- Opening Delimiter -

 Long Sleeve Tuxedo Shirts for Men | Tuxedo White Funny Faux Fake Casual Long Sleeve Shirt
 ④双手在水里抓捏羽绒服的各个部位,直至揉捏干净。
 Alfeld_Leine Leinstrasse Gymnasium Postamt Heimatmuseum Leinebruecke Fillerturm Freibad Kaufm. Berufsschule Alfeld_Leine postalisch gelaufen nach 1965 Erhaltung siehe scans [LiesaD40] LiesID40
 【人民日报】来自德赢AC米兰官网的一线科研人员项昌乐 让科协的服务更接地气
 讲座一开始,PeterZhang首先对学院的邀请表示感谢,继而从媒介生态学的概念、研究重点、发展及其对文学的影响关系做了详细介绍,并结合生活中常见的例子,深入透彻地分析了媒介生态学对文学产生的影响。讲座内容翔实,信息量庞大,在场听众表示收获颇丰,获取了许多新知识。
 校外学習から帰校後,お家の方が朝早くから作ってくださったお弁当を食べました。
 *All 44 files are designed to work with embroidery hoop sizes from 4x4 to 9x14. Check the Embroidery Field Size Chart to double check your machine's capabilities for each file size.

- Closing Delimiter -
- Opening Delimiter -

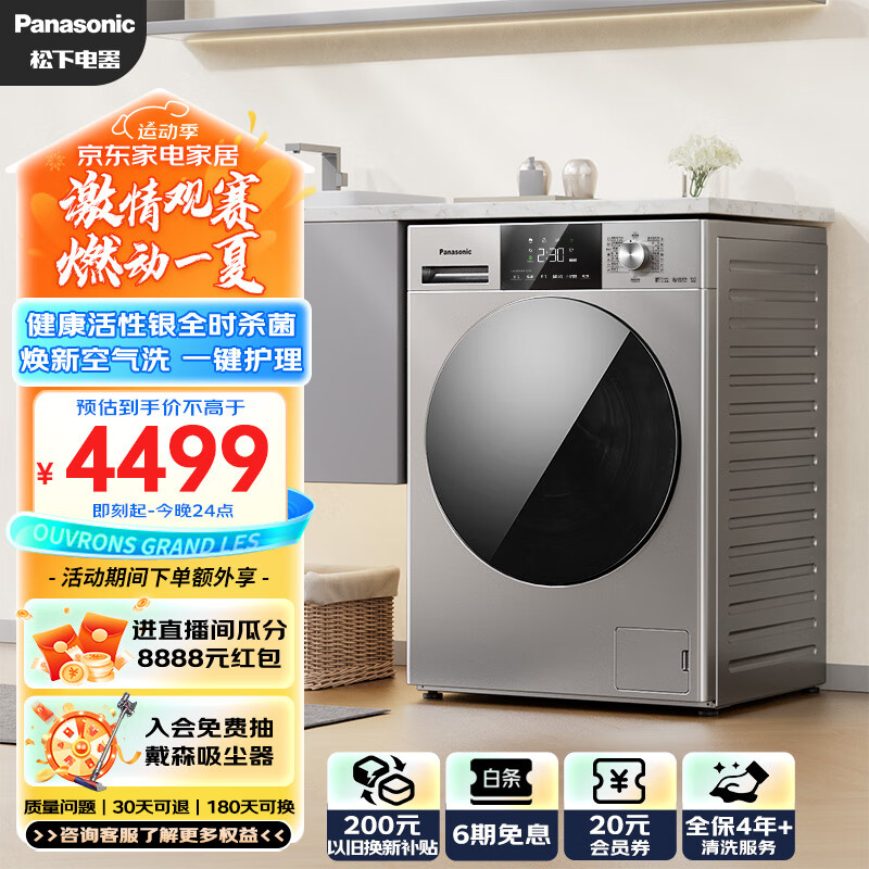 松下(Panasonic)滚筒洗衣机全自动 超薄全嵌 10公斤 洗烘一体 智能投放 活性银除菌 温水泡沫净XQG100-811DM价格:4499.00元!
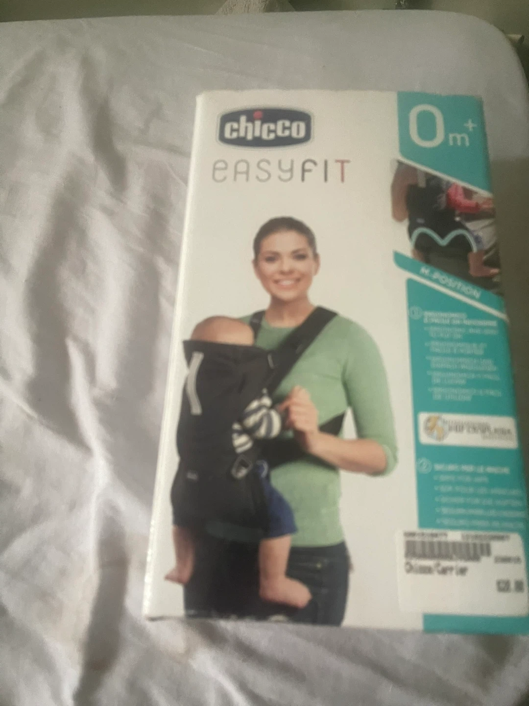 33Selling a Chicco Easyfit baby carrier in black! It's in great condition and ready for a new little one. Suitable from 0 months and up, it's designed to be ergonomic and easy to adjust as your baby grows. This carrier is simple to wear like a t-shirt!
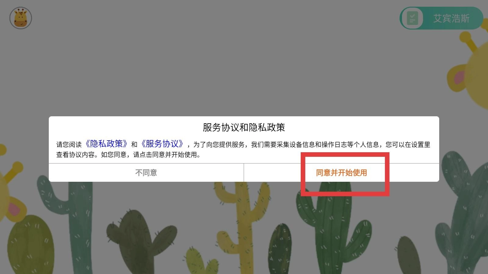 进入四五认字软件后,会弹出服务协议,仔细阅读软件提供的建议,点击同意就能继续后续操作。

- Closing Delimiter -
- Opening Delimiter -

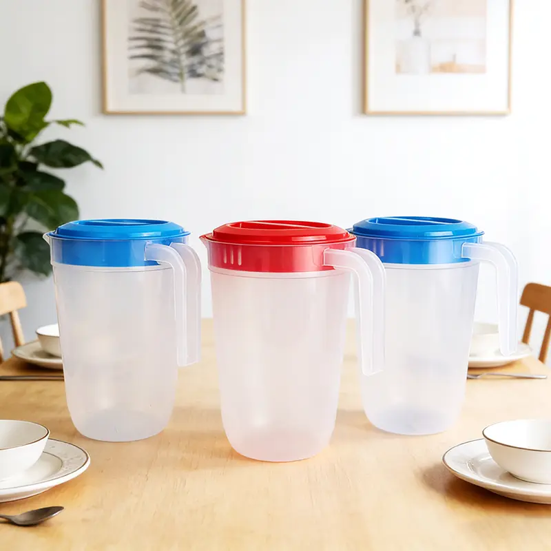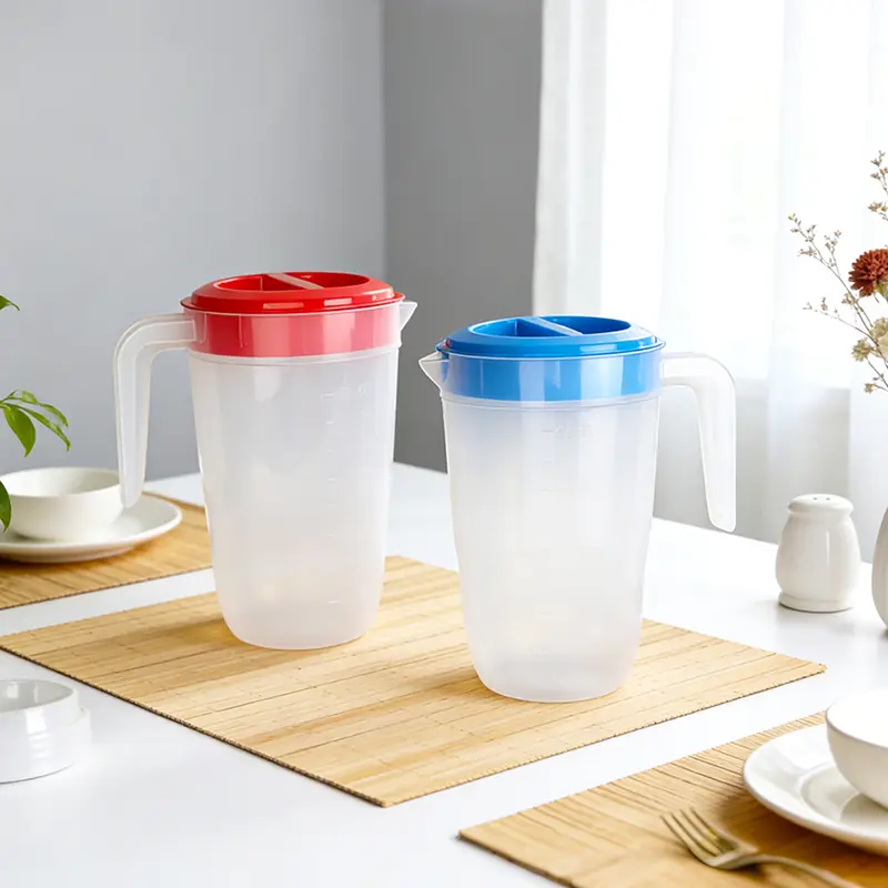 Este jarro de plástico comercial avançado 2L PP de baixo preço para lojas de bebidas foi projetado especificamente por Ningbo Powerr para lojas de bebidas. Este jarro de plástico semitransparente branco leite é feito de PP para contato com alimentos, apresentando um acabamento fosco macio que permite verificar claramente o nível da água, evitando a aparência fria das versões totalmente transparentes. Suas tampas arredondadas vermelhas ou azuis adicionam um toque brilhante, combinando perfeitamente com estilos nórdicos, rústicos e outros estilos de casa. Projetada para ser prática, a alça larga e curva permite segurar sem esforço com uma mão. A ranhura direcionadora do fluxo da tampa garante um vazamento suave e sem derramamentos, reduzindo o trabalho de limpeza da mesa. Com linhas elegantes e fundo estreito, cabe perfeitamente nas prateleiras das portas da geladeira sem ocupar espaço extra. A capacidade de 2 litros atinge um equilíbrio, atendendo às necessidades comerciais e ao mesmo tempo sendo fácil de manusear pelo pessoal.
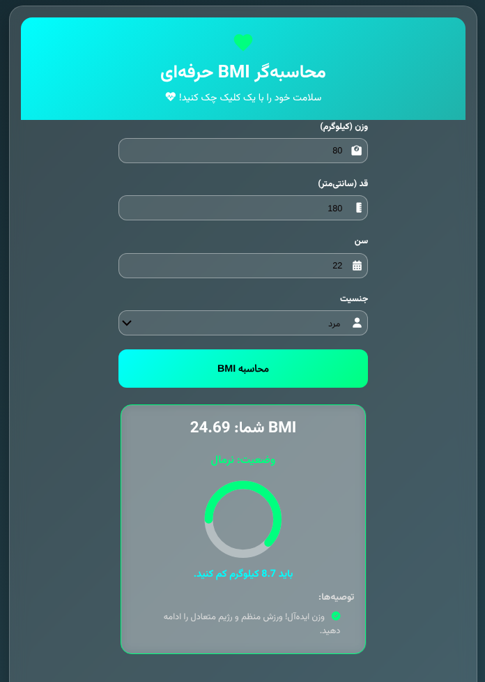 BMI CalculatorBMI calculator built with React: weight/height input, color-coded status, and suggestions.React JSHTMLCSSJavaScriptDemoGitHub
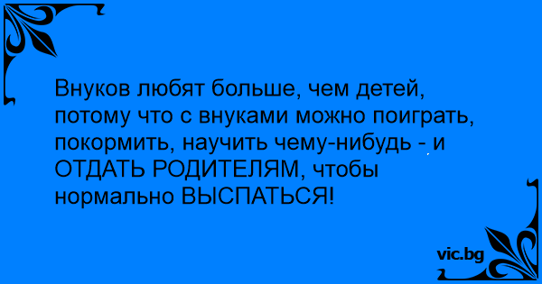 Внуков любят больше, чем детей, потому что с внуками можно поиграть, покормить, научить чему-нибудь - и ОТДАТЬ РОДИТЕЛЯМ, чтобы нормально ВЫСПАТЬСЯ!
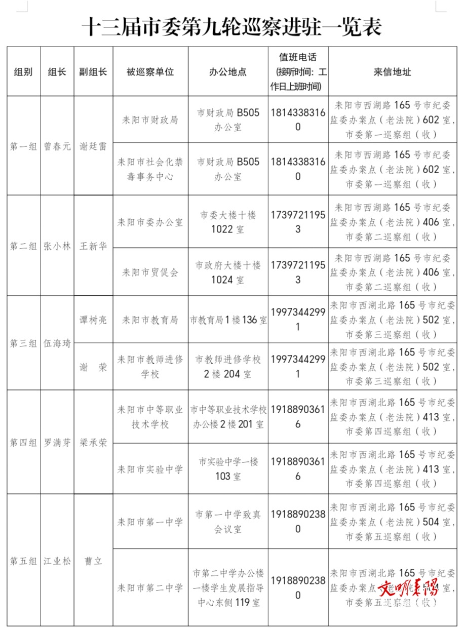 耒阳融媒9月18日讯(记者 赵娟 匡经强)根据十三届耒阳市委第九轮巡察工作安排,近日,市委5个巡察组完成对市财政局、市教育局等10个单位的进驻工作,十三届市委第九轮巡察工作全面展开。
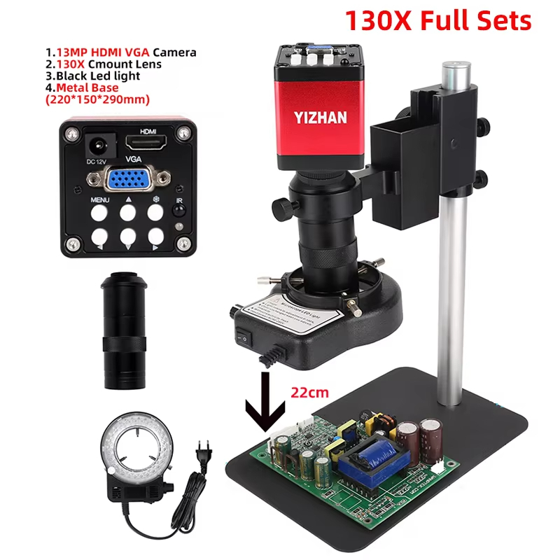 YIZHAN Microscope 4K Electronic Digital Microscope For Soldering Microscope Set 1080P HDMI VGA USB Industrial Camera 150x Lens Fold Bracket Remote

- Closing Delimiter -

▶ [ASSIGNED TASK]
Among the entries above, locate the line with "Внуков любят больше, чем" and the line with "YIZHAN Microscope 4K". Give those two lines and all lines between them again, exactly, leaving out the pictures.

▶ [TASK RESULT]
 Внуков любят больше, чем детей, потому что с внуками можно поиграть, покормить, научить чему-нибудь - и ОТДАТЬ РОДИТЕЛЯМ, чтобы нормально ВЫСПАТЬСЯ!
 耒阳融媒9月18日讯(记者 赵娟 匡经强)根据十三届耒阳市委第九轮巡察工作安排,近日,市委5个巡察组完成对市财政局、市教育局等10个单位的进驻工作,十三届市委第九轮巡察工作全面展开。
 YIZHAN Microscope 4K Electronic Digital Microscope For Soldering Microscope Set 1080P HDMI VGA USB Industrial Camera 150x Lens Fold Bracket Remote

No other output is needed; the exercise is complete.